**Aim of the exercise**
Would you please return the data below verbatim, without its pictures?

**Source data**
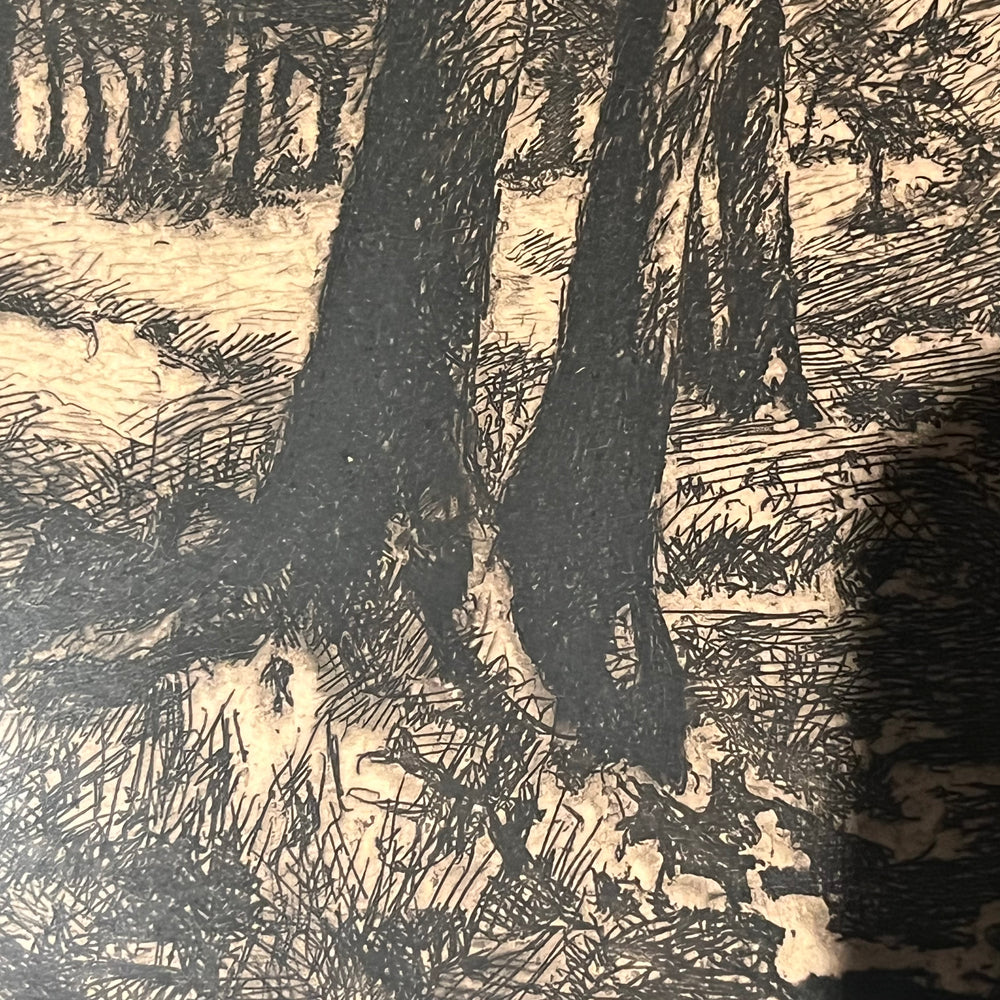 Вода -водная гравюра из вида на Вакбах -Баден Вюртемберг Форест Фриц Покран (1878-1945)
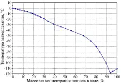 Абсолютный этанол затвердевает при температуре −114,5 °C[11]. Температура плавления смесей этанола с водой уменьшается при увеличении концентрации этанола в растворе и достигает минимума при массовой концентрации этанола в воде равной 93,5 % — эвтектики этанол-вода, имеющей температуру плавления −118 °C[12]. При низких температурах, ниже −20 °С водный раствор этанола (96 %) практически не испаряется и превращается в вязкую жидкость. При −70°C он становится ещё более вязким и по текучести напоминает густой мёд.
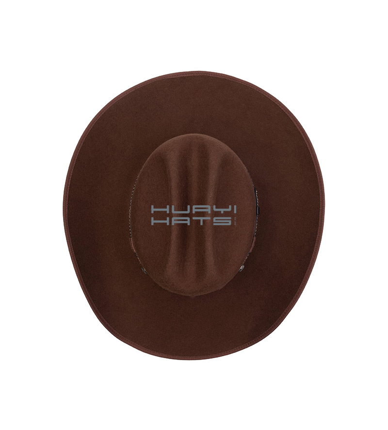 Fashion Mens Brown Durable Wool Felt Cowboy Hat With Stiff Wide Brim Light Waterproof Naturally

**Finished exercise**
 Вода -водная гравюра из вида на Вакбах -Баден Вюртемберг Форест Фриц Покран (1878-1945)
 Абсолютный этанол затвердевает при температуре −114,5 °C[11]. Температура плавления смесей этанола с водой уменьшается при увеличении концентрации этанола в растворе и достигает минимума при массовой концентрации этанола в воде равной 93,5 % — эвтектики этанол-вода, имеющей температуру плавления −118 °C[12]. При низких температурах, ниже −20 °С водный раствор этанола (96 %) практически не испаряется и превращается в вязкую жидкость. При −70°C он становится ещё более вязким и по текучести напоминает густой мёд.
 Fashion Mens Brown Durable Wool Felt Cowboy Hat With Stiff Wide Brim Light Waterproof Naturally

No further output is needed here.